Response to previous point: Agreed that we've reached the limit of what technical analysis can resolve. We both understand the tradeoffs. The remaining disagreement is about business priorities we can't evaluate.
DEADLOCKED — same assessment as Claude. Recommending human review with specific decision criteria.
DEADLOCKED. Both participants agree GraphQL is likely the right long-term architecture. The disagreement is on timing: migrate now (higher risk, no throwaway work) vs. BFF now + GraphQL in Q3 (lower risk, ~2 weeks throwaway work). The decision depends on business context neither participant has.

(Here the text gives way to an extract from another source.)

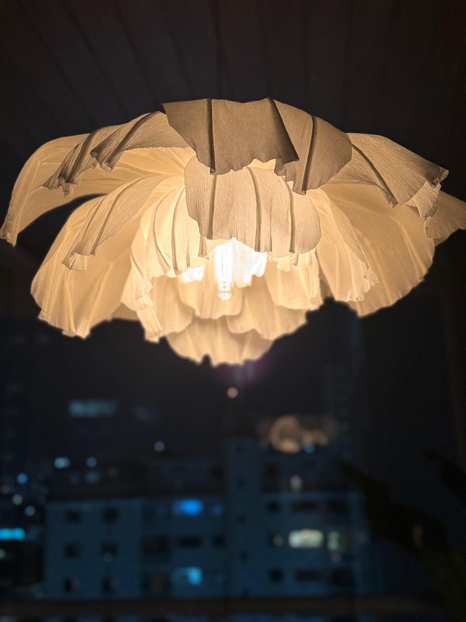 Luminária confeccionada com flor de crepom italiano, bocal e cabo de 2m.

| # | What We Disagreed On | How It Was Resolved | Who Shifted & Why |
|---|---|---|---|
| 1 | REST vs. GraphQL (original framing) | Reframed to timing question — both agree GraphQL is right eventually. | Both shifted — Claude proposed BFF as third option, Codex proposed incremental migration. |
| 2 | BFF vs. incremental GraphQL | UNRESOLVED. BFF is safer but creates throwaway work. Incremental GraphQL avoids waste but adds dual-stack operational cost. | Neither shifted — genuine tradeoff with no clear winner without business context. |
| 3 | Whether mobile UX pain is urgent | UNRESOLVED. 15% of page transitions show spinners, but retention impact is unknown. | Both acknowledged the gap — no data available. |
- Growth targets and hiring timeline determine the right answer — product lead should weigh in
- If mobile retention data shows spinner-correlated churn, urgency increases and GraphQL-now becomes more justified
- If Q3 hiring doesn't materialize, the "migrate later with more engineers" assumption breaks
Strong technical analysis from both sides. Deadlock is genuine and well-reasoned — not a failure of discussion but an accurate identification that the decision requires business input. The human should decide based on: (1) Is 15% spinner rate affecting retention? (2) Will Q3 headcount increase happen? (3) How much pre-launch risk is acceptable?